The Additive Number problem on Leetcode requires us to determine whether a given string can be split into a sequence of numbers such that the sum of any two adjacent numbers is equal to the next number in the sequence.

For example, "112358" can be split into [1,1,2,3,5,8] because 1+1=2, 1+2=3, 2+3=5, and 3+5=8.

To solve this problem, we can use a recursive approach where we start with the first and second numbers in the string and check whether they add up to a valid number.
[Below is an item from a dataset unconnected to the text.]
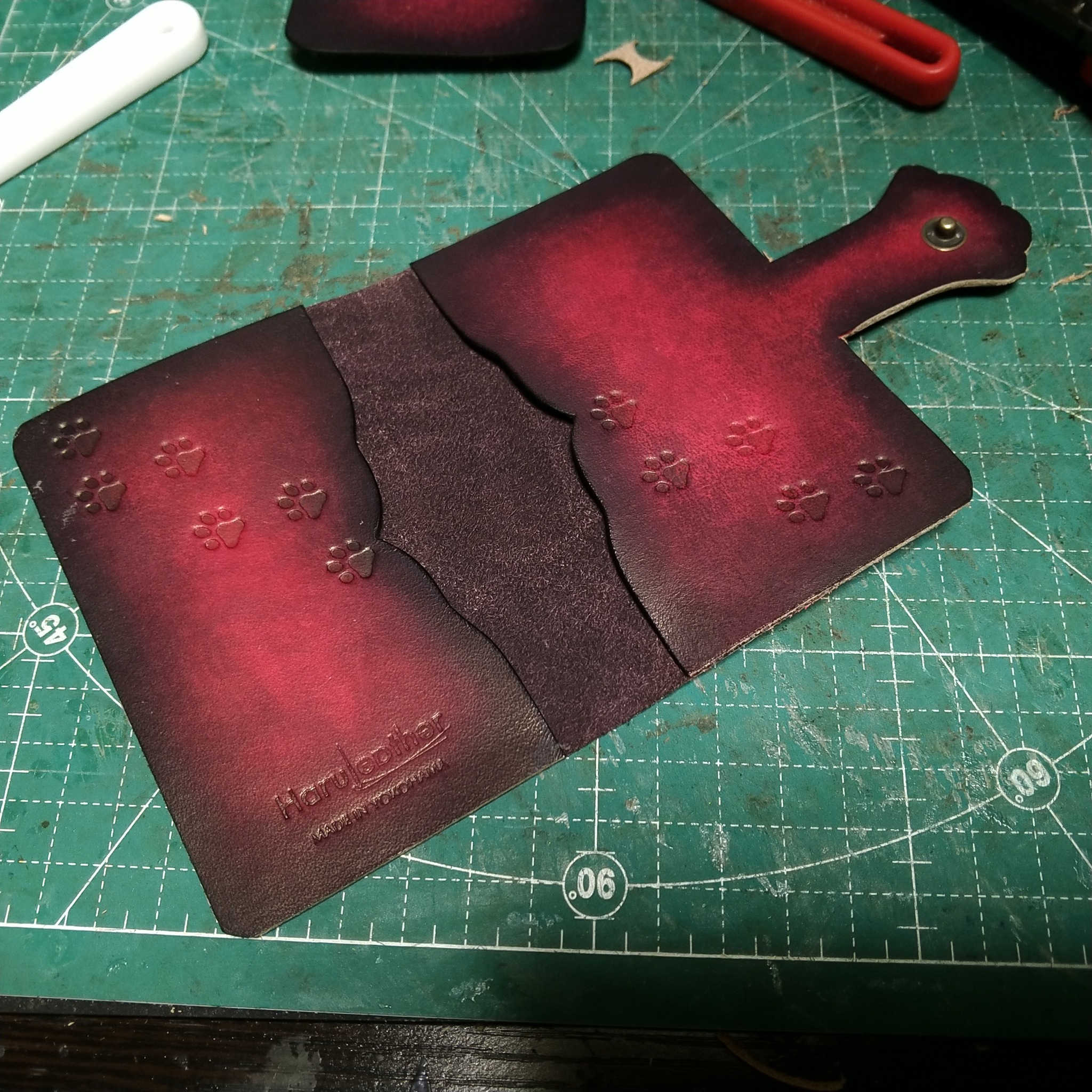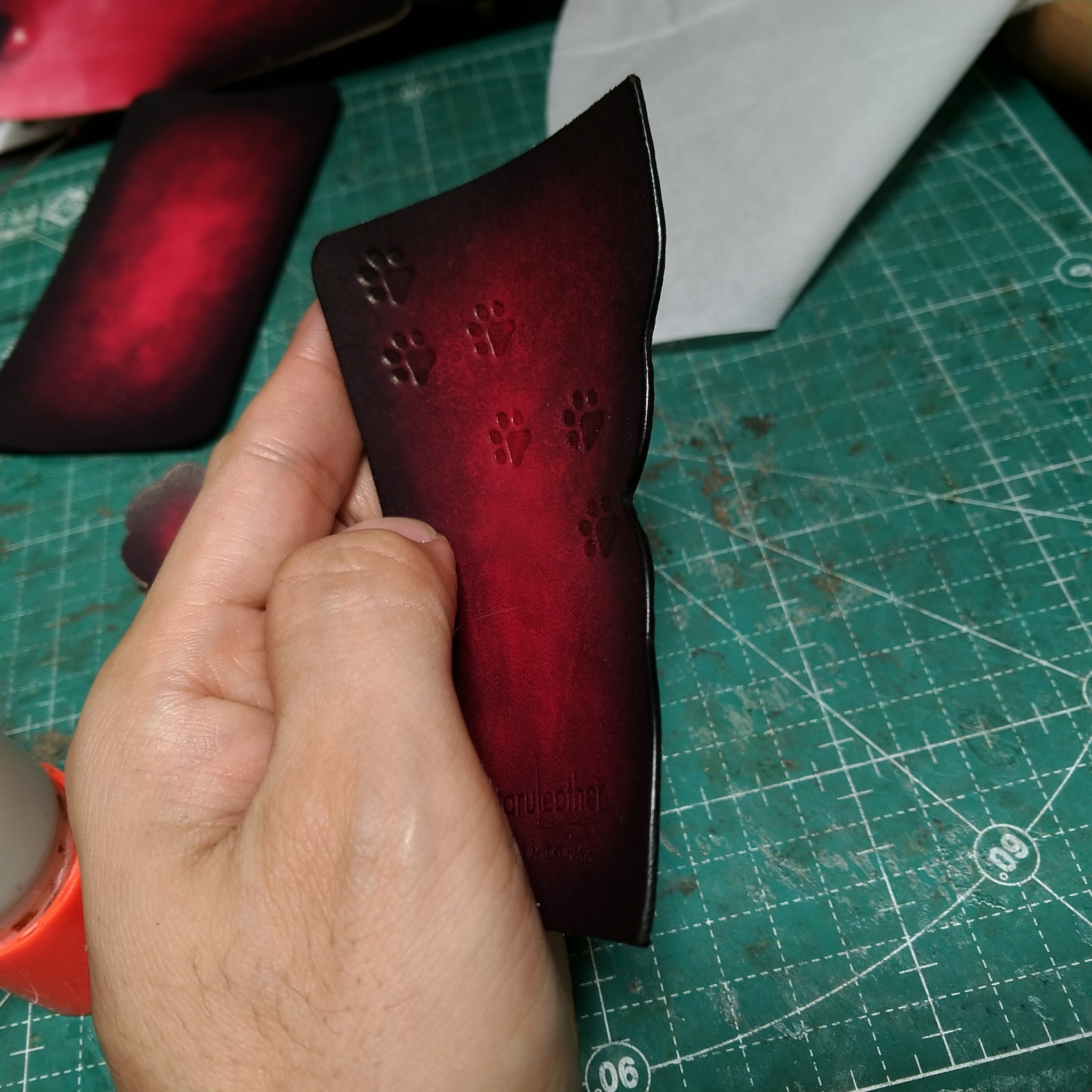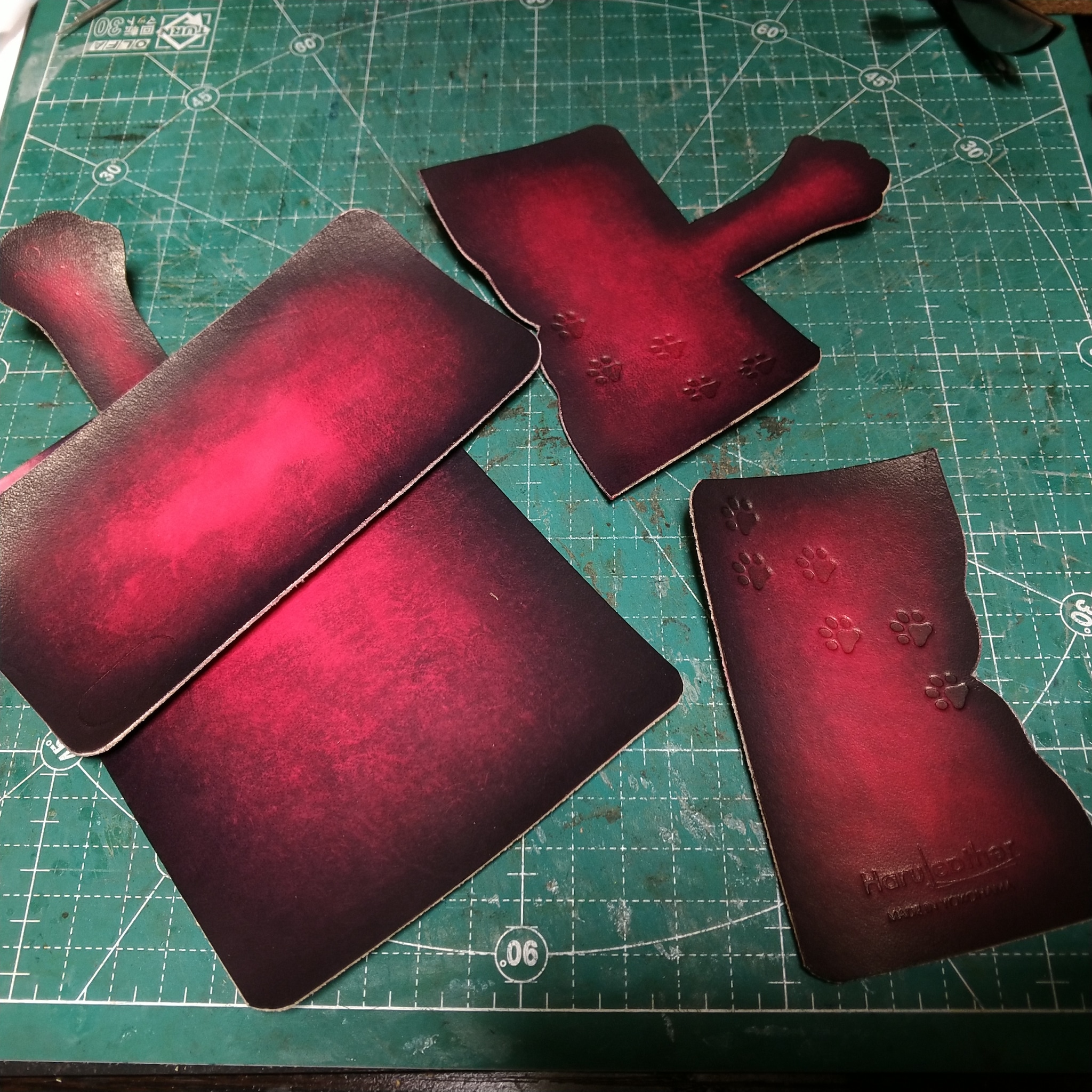 革を切り出し手染めにてアンティーク染めをしていきました^^*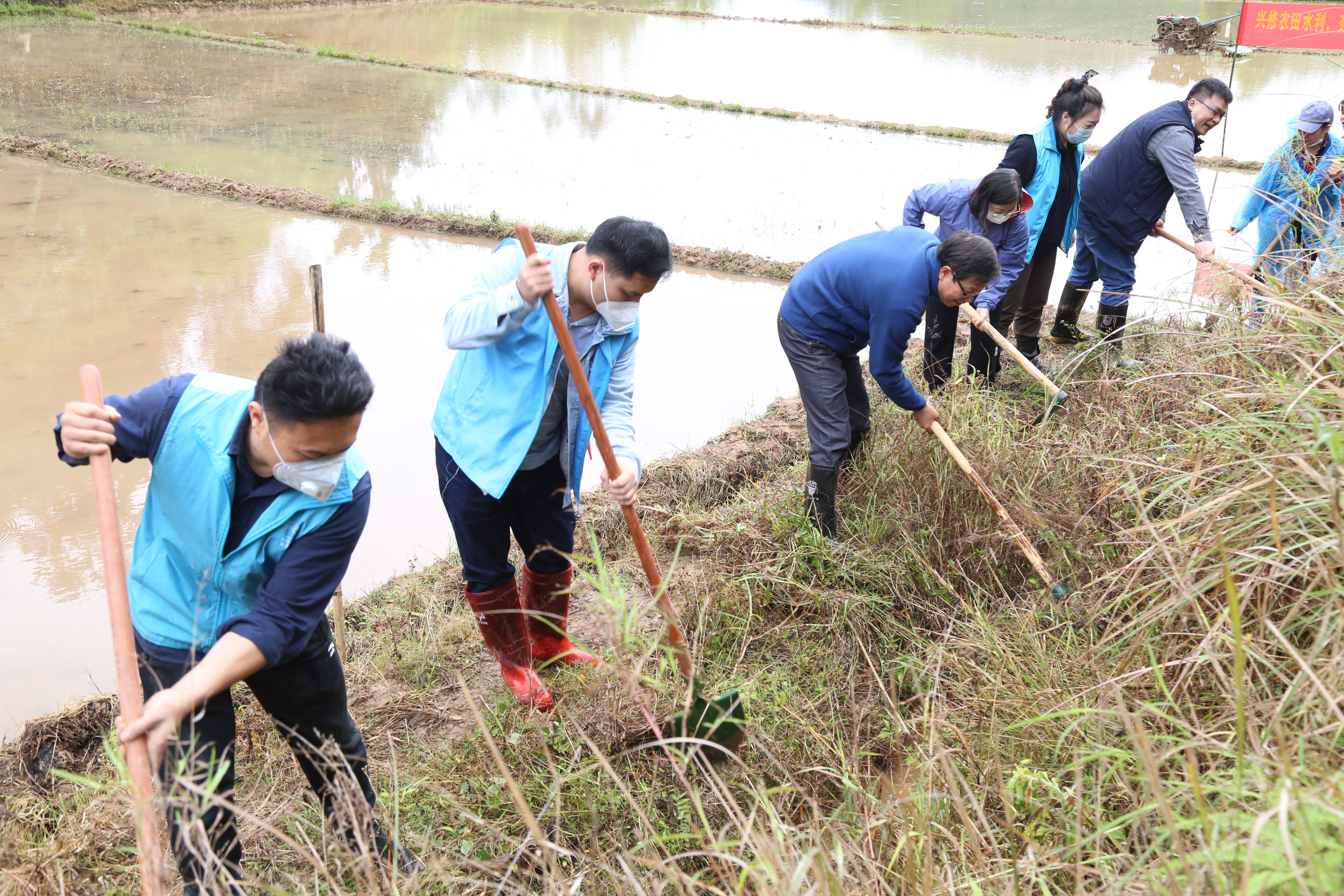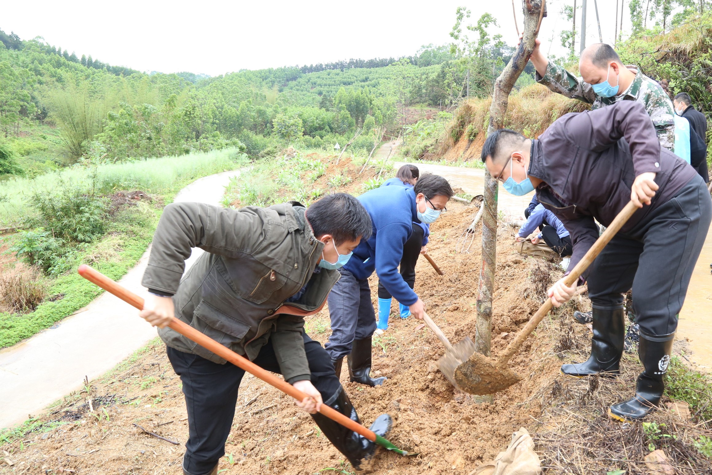 眼下春分刚过,兴修水利、植树造林正当其时。3月23日,学校校长周旺,纪委书记罗桂全到我校定点帮扶村上林县乔贤镇绿浪村,开展冬春农田水利基础设施建设和植树造林活动,并就巩固脱贫攻坚成果与乡村振兴有效衔接开展实地调研。上林县副县长宋尧华,学校办公室(乡村振兴办)、传媒学院、商学院有关负责人,上林县乔贤镇领导班子成员以及绿浪村“两委”班子成员、驻村工作队员等参加活动。

Then, if the sum is valid, we move on to the rest of the string recursively until we reach the end.

Here's the algorithm:

1. Define a recursive helper function that takes in three parameters: the remaining string num, the current index idx being processed, and the two previous numbers prev1 and prev2 that were added together to get the current number.

2. Base Case:

   a. If the index idx reaches the end of the string and we have at least three numbers in the sequence, we return True.

   b. If the index idx reaches the end of the string but we have less than three numbers in the sequence, we return False.

3. For each possible length of the current number cur_len starting from index idx, we check whether the current number is equal to the sum of prev1 and prev2.

4. If the current number is equal to the sum of prev1 and prev2, we recursively call the helper function with the updated parameters: the remaining string from index idx+cur_len, idx+cur_len as the new starting index, and prev2 and cur as the new previous numbers.

5. If any of the recursive calls return True, we return True from the current call. If none of them return True, we try the next possible length of cur_len.

6. If all possible lengths of cur_len have been tried and none of them returned True, we return False.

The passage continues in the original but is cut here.